# Now that is quite a kick!



## Cruentus (Jul 19, 2005)

http://www.wimp.com/artillery/

Ouch!


----------



## Jerry (Jul 19, 2005)

His kids are gonna feel that one! I second your "ouch".


----------



## Gemini (Jul 19, 2005)

I sorta laughed and cringed at the same time. That had to hurt....

Yep. Ouch


----------



## kenpo0324 (Jul 19, 2005)

That had to hurt..


----------



## Rich Parsons (Jul 19, 2005)

Ouch is right.

Two things:

1) You notice how everyone just walked away like nothing happened?

2) I do not think it should have fired while he was closing the chamber.
Thoughts?


----------



## Cruentus (Jul 19, 2005)

I'm not real knowledgable on the big guns like that, but it appeared to me that it discharged unexpectedly and premature....

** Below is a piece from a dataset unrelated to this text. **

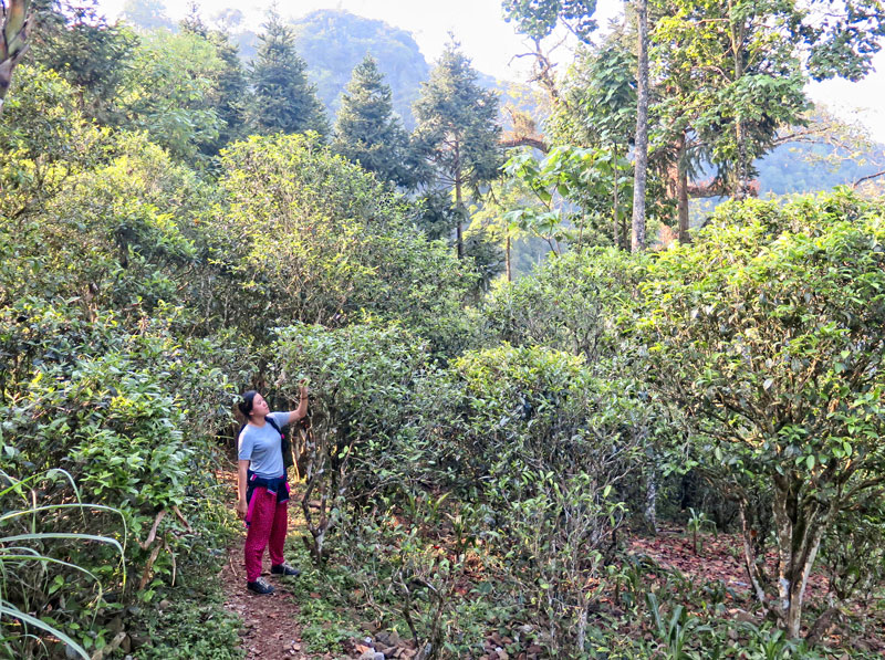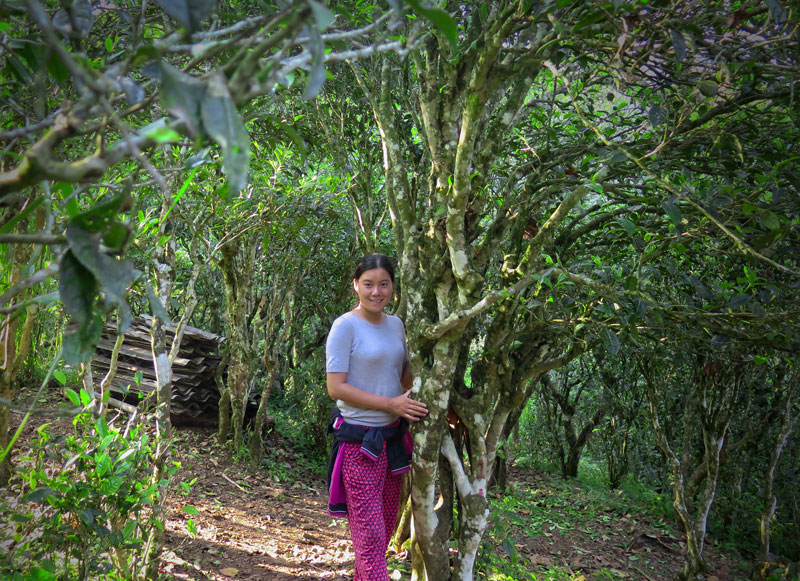 Cơm nước xong xuôi, tôi háo hức muốn pha thử chất lượng mẻ trà ra sao, nhưng không đủ thời gian, ấm chén nước non không tiện sẵn. Sau đó còn kế hoạch đi xem cây chè to ở dãy núi bên kia cách chừng 7km nữa. Thế là 6 người trên 3 chiếc xe máy xuống trung tâm quành qua con đường khác, đi dọc đường chính một lúc, đến nơi đỗ xe bên đường, đi bộ chừng 300m con đường mòn nhỏ thì đến điểm võng đáy thoai thoải giữa 2 ngọn núi cao tương đối. Tôi thấy một cái cây chè gọi là to to, cao tầm hơn 5m, tán vòm tròn, chỏng chơ giữa trời, xa xa chỗ kia có 2 cây chè nho nhỏ cạnh nhau. Tôi trố mắt ngạc nhiên xác nhận lại có đúng là cái cây to anh đề cập không. Anh ấy gật đầu chắc nịch. Hớ hớ ! Thật là ngoạn mục, bất ngờ khác xa những gì tôi tưởng tượng. Đúng là cây chè to to thật vì sinh trưởng rất chậm và nó lớn hơn những cây ở nhà cụ già mù. Tôi nghĩ ít ra cũng vài chục cây chứ nãy giờ lơ thơ 3 cây giống như tôi đang đứng trời chồng, ngẩn người tò te. Thoáng chút bỡ ngỡ qua đi, hỏi thêm biết rằng trước đây mấy chục năm, cây chè phân bổ rải rác ở đây khá nhiều lên mạn triền núi cao bên kia, nhưng xứ đá cằn gai góc này nhìn cây chè đâu thể sống mãi được, họ đốn hết đi tra ngô trồng cải xen kẽ. Điều này có thể hiểu được, dân số ít, đất thịt quá ít không đủ trồng cây lương thực, cây rau, người dân ăn chính là mèn mén (bột ngô xay), đậu xị và rau cải mèo. Cây chè là một loại cây, bình đẳng như những cây khác trong núi. Trước khi họ đợi tới ngày kiếm tiền từ cây này có lẽ chết đói hết rồi. Ba cây kia vì sao giữ lại làm kỉ niệm hay làm gì thì 3 anh Mông cũng không biết nguyên do. Đi một đoạn nữa tôi thấy nhiều bụi trà mọc hoang, khá thấp tới bụng ngực người lớn mới canh tác hàng loạt tầm 20 năm tuổi. Cây lớn tự nhiên, không sử dụng phân bón hay thuốc trừ sâu. Kế hoạch này bắt đầu từ một cán bộ tôi không nhớ rõ tên, làm ở phòng nông nghiệp huyện, anh rất yêu vị trà Lũng Phìn, xót xa trước sự mất mát đốn chặt hàng trăm nghìn cây trước đây, nên anh đề nghị trồng lại hoàn toàn bằng hạt giống chè nơi đây, tái tạo lại cho tương lai một thế hệ chè khỏe mạnh, hương vị đặc biệt. Chúng ta phải cảm ơn anh rất nhiều vì những gì anh đã làm, đóng góp tăng sản lượng trà Lũng Phìn, quảng bá chất lượng khác biệt.

boy that opens up a whole lot of mind in the gutter jokes, now doesn't it?   :rofl:


----------



## KenpoTex (Jul 20, 2005)

OUCH!  I wouldn't be surprised if that amount of impact killed him.

No, merely closing the breech ain't s'posed to make it go "BOOM"

Ouch!


----------



## MA-Caver (Jul 20, 2005)

I'm kinda wondering if the commander of the base didn't ask his second ... "do you think it's about time we re-vamped our training program?" 
But then I was kinda wondering what country that was from? If it's the U.S. then the gene pool offered there needs to be weeded out a bit... and if it's not...well, seems like it could be weeded out where-ever there too. 

Sheesh. 


Considering where the guy got umm, kicked... the weeding is probably assured.


----------



## swiftpete (Jul 20, 2005)

No one seemed that bothered by it which is what surprised me, they were so casual afterwards. I've been knocked off my feet before by kicks and elbows but that thing is metal.. Oof i bet it took him a while to get back up again and he must've broken some ribs.


----------



## Franc0 (Jul 20, 2005)

Ouch big time! Someone forgot a rule there somewhere.


----------



## arnisador (Jul 20, 2005)

Yes, this is probably a training issue. Don't they usually load from the side for just that reason--in case of an accidental early discharge?


----------



## Mark Weiser (Jul 20, 2005)

Some possible questions.

-- Who was holding the lanyard

-- Was the Weapon hot from previous firing or was the firing pin faulty. So when the door closed-------

-- When I was in Armour School for Tanks. We were always told never stand in front or back of the barrel at anytime. Load from the side just in case of misfires or discharges.  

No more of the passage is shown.